It means there really isn't a clone() function which is invoked by glibc to call into the kernel. The kernel is called with the syscall instruction, it jumps to an address specified in the MSR and then it invokes one of the syscalls in the sys_call_table.
The entry point to the kernel for x86 is here: https://github.com/torvalds/linux/blob/16f73eb02d7e1765ccab3d2018e0bd98eb93d973/arch/x86/entry/entry_64.S. If you scroll down you'll see the line: call *sys_call_table(, %rax, 8). Basically, call one of the functions of the sys_call_table.

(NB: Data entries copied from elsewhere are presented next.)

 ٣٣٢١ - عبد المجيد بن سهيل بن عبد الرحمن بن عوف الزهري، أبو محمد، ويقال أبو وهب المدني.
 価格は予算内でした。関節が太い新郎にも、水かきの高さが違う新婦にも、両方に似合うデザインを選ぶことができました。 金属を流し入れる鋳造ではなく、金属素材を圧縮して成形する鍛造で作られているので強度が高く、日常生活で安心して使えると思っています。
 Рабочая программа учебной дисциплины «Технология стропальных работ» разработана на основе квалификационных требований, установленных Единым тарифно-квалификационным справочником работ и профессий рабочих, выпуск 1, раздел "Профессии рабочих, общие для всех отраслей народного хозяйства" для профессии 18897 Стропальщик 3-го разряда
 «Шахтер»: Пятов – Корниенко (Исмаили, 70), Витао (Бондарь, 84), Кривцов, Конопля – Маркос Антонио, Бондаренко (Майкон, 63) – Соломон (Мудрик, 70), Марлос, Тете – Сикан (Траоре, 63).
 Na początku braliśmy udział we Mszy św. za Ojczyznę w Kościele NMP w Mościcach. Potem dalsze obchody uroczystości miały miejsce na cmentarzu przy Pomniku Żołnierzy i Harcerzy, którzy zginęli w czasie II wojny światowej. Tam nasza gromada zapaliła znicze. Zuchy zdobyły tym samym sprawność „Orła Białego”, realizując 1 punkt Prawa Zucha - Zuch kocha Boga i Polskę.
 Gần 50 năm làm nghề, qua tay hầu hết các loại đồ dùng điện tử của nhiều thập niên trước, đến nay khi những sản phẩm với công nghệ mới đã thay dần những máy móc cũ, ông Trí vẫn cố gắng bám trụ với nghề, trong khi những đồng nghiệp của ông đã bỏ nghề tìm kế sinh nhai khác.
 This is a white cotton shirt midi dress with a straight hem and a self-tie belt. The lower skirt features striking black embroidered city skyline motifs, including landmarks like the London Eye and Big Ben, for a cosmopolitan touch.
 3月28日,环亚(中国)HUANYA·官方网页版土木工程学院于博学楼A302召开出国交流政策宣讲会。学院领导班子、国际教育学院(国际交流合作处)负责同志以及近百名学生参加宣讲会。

The implementation of the sys_call_table is here: https://elixir.bootlin.com/linux/latest/source/arch/x86/entry/syscall_64.c#L20.

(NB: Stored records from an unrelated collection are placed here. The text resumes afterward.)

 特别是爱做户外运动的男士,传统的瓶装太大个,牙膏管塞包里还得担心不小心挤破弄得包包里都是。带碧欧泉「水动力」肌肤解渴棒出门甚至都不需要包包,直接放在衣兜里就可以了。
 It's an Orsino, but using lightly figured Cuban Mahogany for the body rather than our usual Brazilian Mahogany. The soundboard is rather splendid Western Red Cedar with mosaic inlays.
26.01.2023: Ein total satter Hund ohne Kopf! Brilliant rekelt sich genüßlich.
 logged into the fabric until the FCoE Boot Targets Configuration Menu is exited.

// SPDX-License-Identifier: GPL-2.0
/* System call table for x86-64. */
#include <linux/linkage.h>
#include <linux/sys.h>
#include <linux/cache.h>
#include <linux/syscalls.h>
#include <asm/unistd.h>
#include <asm/syscall.h>
#define __SYSCALL_X32(nr, sym)
#define __SYSCALL_COMMON(nr, sym) __SYSCALL_64(nr, sym)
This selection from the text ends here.